Roya Nikkhah, Royal Editor at The Times, writes: “The Queen, 95, intends to lead the royal family’s tributes at the Cenotaph on Sunday, in what is expected to be her first public engagement after several weeks of rest on medical advice.

“Most senior members of the royal family, except the Queen, will also attend the Royal British Legion’s Festival of Remembrance at the Royal Albert Hall on Saturday night.”

If she attends, this will be her first outing in weeks, following the cancellation of trips across the UK.

This was the first time that Her Majesty had used a walking stick for “comfort”, and prompted fears about the monarch’s health.

Adapting her hectic schedule to medical advice, which the Queen “reluctantly” accepted, according to Buckingham Palace, she has had to slow down in her official calendar of engagements.

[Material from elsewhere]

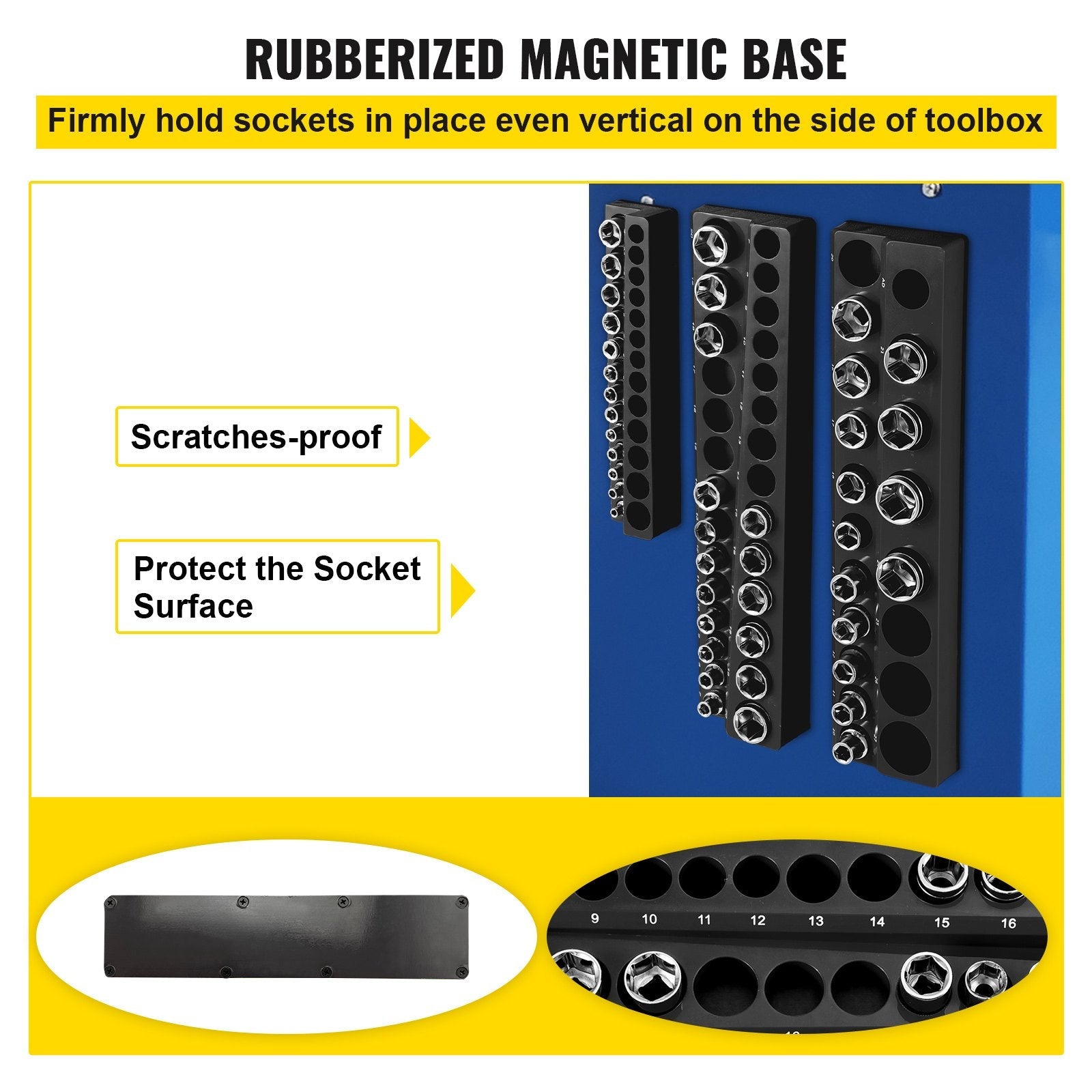 Keep your toolbox neat, organized, and efficient with the VEVOR 3-Pack Metric Magnetic Socket Organizer Set. Designed to hold up to 75 metric sockets across 1/4", 3/8", and 1/2" drive sizes, this heavy-duty ABS plastic organizer securely mounts to metal surfaces without scratching, thanks to its strong yet non-damaging magnetic base. With clearly labeled high-visibility metric markings from 4 mm to 27 mm, finding the right socket has never been faster. Whether you're a DIYer or a professional mechanic, this durable black socket tray set delivers performance, convenience, and space-saving organization.

In October, her official diary registered at least 16 royal engagements at which she was set to be present.

Across the Atlantic, the Queen’s grandson, Prince Harry, will honour veterans aboard a warship in New York next week, but will not be permitted to wear a military uniform when dishing out the medals.

The Duke of Sussex, 37, spent a decade in the military, and served two tours in Afghanistan.

He was stripped of his honorary titles last year following the Duke and Duchess’s split from the working members of the Royal Family.

Last year, Prince Harry requested to have a wreath laid at the Cenotaph on his behalf – a petition which was denied by Buckingham Palace.